Each phase is reversible — flip the flag back and you are where you were. Each phase is non-skippable — drop dual-write and you lose every write between the backfill snapshot and cutover; drop backfill and the new shard has no history.

Vitess's VReplication automates the whole thing: MoveTables, SwitchReads, SwitchWrites are three CLI commands, and the topology service plus the vtgate proxy handle the transition. MongoDB does it with moveChunk; Citus with citus_move_shard_placement. Production cost is 10–20% extra CPU; elapsed time runs from hours to weeks. Downtime, when the protocol is implemented correctly, is zero.

You launched on ten MySQL shards. Two years later you are at 80% disk on the busiest five. The capacity plan says you need 15 shards by Diwali — a third of the data has to move to hardware that does not exist yet.

The clean way would be a maintenance window. Six hours of pricing pages returning 503, six hours of UPI callbacks failing. Nobody will sign off.

This chapter is how the rest of the industry — Slack, YouTube, ShopForge, Slipway — moves data between shards without ever taking the application down. The protocol has four phases. It looks simple on a slide. The interesting parts are the corners where it can go wrong.

The 4-phase migration protocol

The procedure is a state machine. The state lives in the proxy tier — vtgate, the Citus coordinator, your own routing layer — and it advances one transition at a time. Every phase has the property that you can flip back to the previous phase without losing data.

Phase 1 — Dual-write. The proxy starts sending every write for the affected keys to both the old shard and the new shard. Reads still go to the old shard. The new shard is empty at this moment except for the writes that have arrived since dual-write started.

Phase 2 — Backfill. A background job streams the existing rows from the old shard to the new shard, in chunks. Dual-write keeps running throughout — every new INSERT, UPDATE, DELETE flows to both. By the end of the backfill, the new shard contains both the historical rows (from the bulk copy) and the live rows (from dual-write).

Phase 3 — Cutover. Reads switch from old to new. Writes are still dual-writing. The old shard is now redundant from the application's perspective — it serves nothing — but its writes are kept current as an insurance policy. Run this state for a day or a week, watching error rates and tail latency. If anything looks wrong, flip the read flag back to the old shard and you are in Phase 2 again.
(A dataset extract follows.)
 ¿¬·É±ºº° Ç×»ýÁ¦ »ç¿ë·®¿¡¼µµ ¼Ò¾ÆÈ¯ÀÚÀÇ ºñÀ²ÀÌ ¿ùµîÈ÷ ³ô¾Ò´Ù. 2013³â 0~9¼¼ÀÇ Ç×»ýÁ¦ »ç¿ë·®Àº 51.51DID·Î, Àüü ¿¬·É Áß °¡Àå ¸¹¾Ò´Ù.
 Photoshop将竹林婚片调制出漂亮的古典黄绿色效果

Phase 4 — Cleanup. Stop writing to the old shard. The old shard's rows are now stale and will diverge from the new shard's; they are no longer the source of truth for anything. Eventually you drop them — drop the table, deprovision the host, reclaim the storage.

Why four phases and not three: dual-write and backfill have to overlap. If you backfill first and then turn on dual-write, every write that arrived during the backfill is missing from the new shard — silent data loss. If you turn on dual-write first and never backfill, the new shard has only the live writes and is missing the entire history. The two phases are not stages; they are layers, and the protocol works because they coexist.
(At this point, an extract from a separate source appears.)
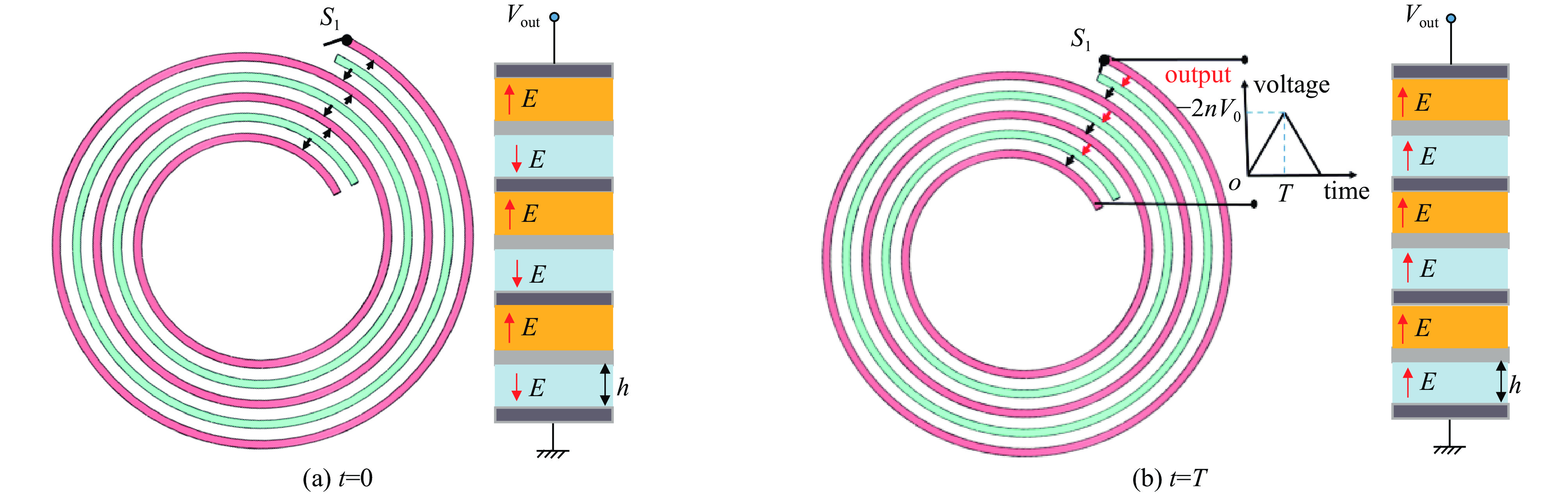 Furthermore, an in-depth analysis of the electromagnetic energy conversion process after switch closure revels that a high-efficiency spiral generator must achieve complete conversion of magnetic energy into electric field energy while ensuring the electric fields in the active and passive layers are oriented in the same direction, while is essential for optimal performance.

The protocol is symmetric to a transaction commit. Phase 1–2 is the prepare. Phase 3 is the commit point. Phase 4 is the cleanup after commit. Like transactions, the dangerous moment is the commit — Phase 3 is when reader behaviour changes — and like transactions, the protocol survives a crash at any phase by re-reading the state and resuming.

Phase 1 — Dual-write

The proxy starts sending every affected write to both shards. The application sees no change; its driver still issues UPDATE users SET cart = ... WHERE user_id = 42. The proxy intercepts and writes to both.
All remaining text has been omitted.